The wonders of winterizing revisited
I spent the past week winterizing, a seasonal exercise that involves physical and emotional effort.
Sometimes very emotional, very painful.
After all, I am not a fan of the approach of cold weather, but I do realize that, like it or lump it big time, it happens, so get over it.
Our local weather can be pretty weird — one day hot, the next day cold, but it is what it is. At least we don’t have to board up our windows and brace for a hurricane, so some cold weather with snow and all that sort of stuff is nothing to gripe about.
If you have horses, you don’t need a calendar to figure out the seasons are changing and frosty temperatures are going to be part of the daily drill.

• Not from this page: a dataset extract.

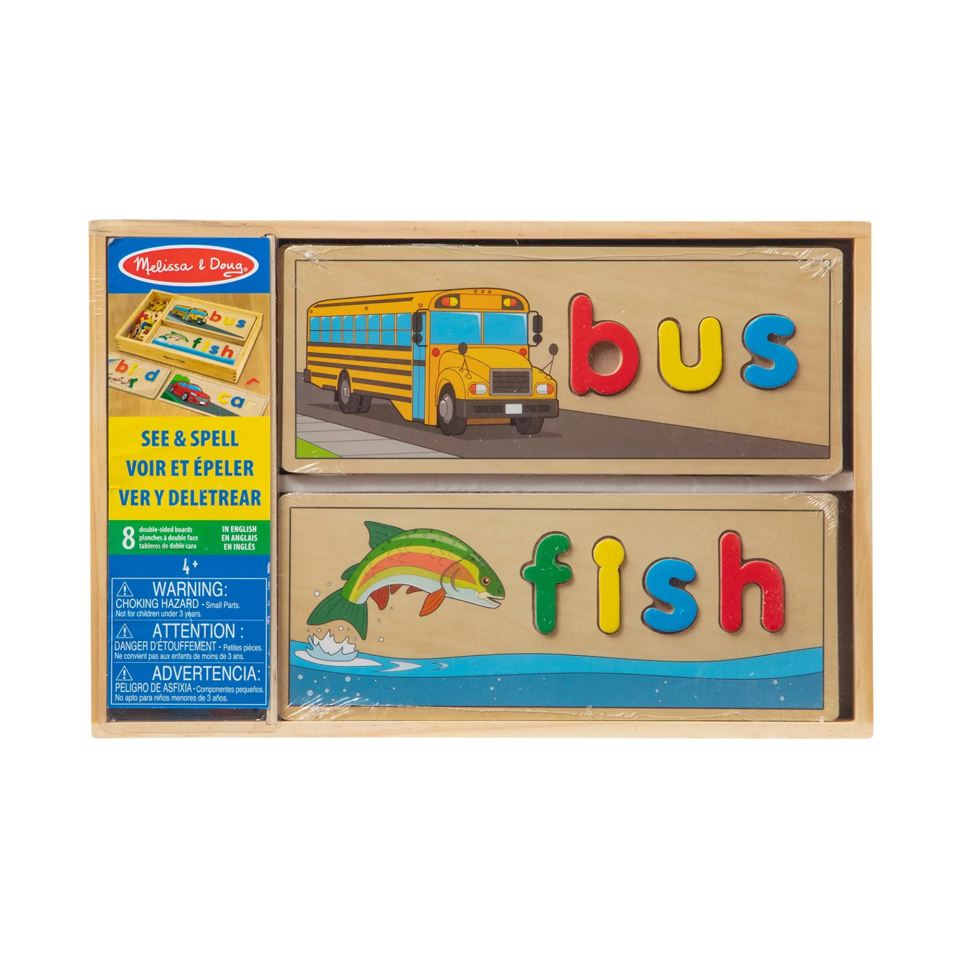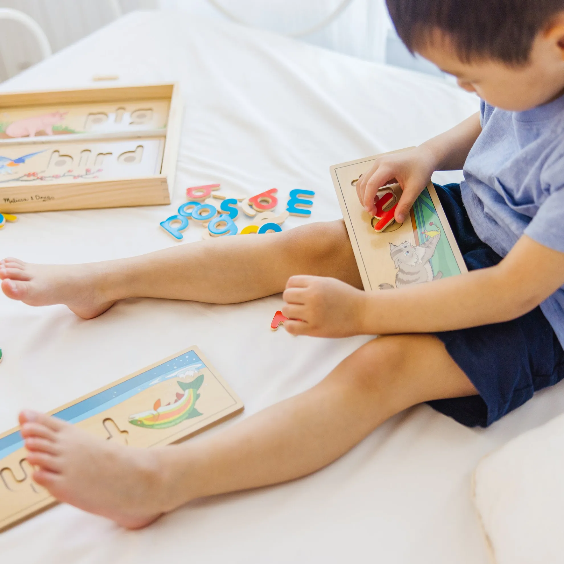 - Place letters into wooden puzzle boards to spell words that match illustrations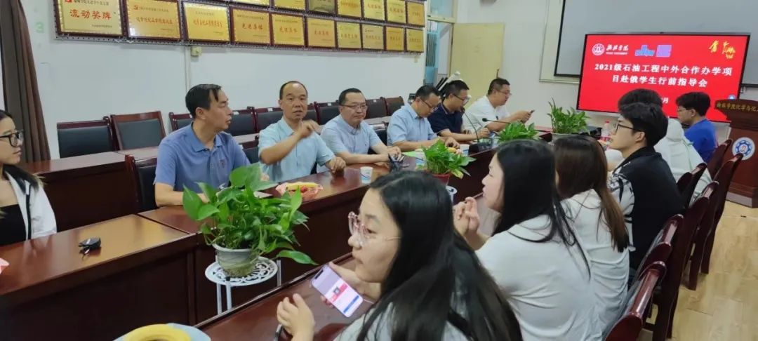 7月4日,公司在4号教学楼502会议室举办2021级石油工程中外合作办学项目出国员工行前指导暨欢送会。国际交流与合作处处长吴疆、化学与化工公司党总支书记陈小辉、经理常春然、常务副经理王爱民、石油工程专业部分老师及2021级22名赴俄员工参加会议。会议由公司常务副经理王爱民主持。

They get their winter coats, all furry and kind of like a woolly mammoth as I like to call them when I give them a Janice hug and wrap my arms around their bellies as best I can.
Truth be told, I secretly envy them because they always get a new winter coat.
One of the first things I did when we weren’t besieged by wind or rain and more rain is something I intended to do by myself, but Better Half got in on the action when I started clearing out my flower beds.
This meant removing all the decorative things I put in them, including all the solar lights that need their switches turned to the off position.
How cheerful you are about doing this depends on if the winterizing is occurring before dinner when you’re starving or after dinner when you’d prefer to do nothing at all, especially not flower bed work when the time change has robbed you of extended natural light for such an undertaking.
We were doing this in pre-food, kind-of-dark mode, thinking we’d get done pretty quickly because we were highly motivated to fix dinner, but some mud and husband-and-wife friction generated over where and how to store 56 solar lights slowed the process and progress.
In the end, the backyard summer mini carnival, as Better Half likes to refer to this light show, is officially on winter hiatus.
I actually had a few flower pots with a little flower here and there still hanging on. I guess if I can hug a horse’s belly, I can give a straggler flower or two a pep talk to hang in there or at least pay my respects and assure them that I’ve appreciated their beauty.
Winterizing isn’t all bad, since I become indoor productive and consider some projects I can turn my attention to.
And on the clothing end of things, I actually enjoy reconnecting with some sweaters and corduroy pants, but I am reminded anew that it can be confusing in the apparel department this time of year, too.
I do a hat and glove inventory, and I’m always at a loss for what happened to all the sets of gloves I bought on winter clearance last year. And what happened to all the other sets of gloves I swore we already had?
Suddenly there’s only one glove to this set and one glove to another set.
It’s as if they’re in some sort of conspiracy with all the missing socks in the household.
My guess is they’re Snowbirds all together somewhere, enjoying life away from the Kiaski family and vowing never to return … at least not until the mini carnival comes back to town.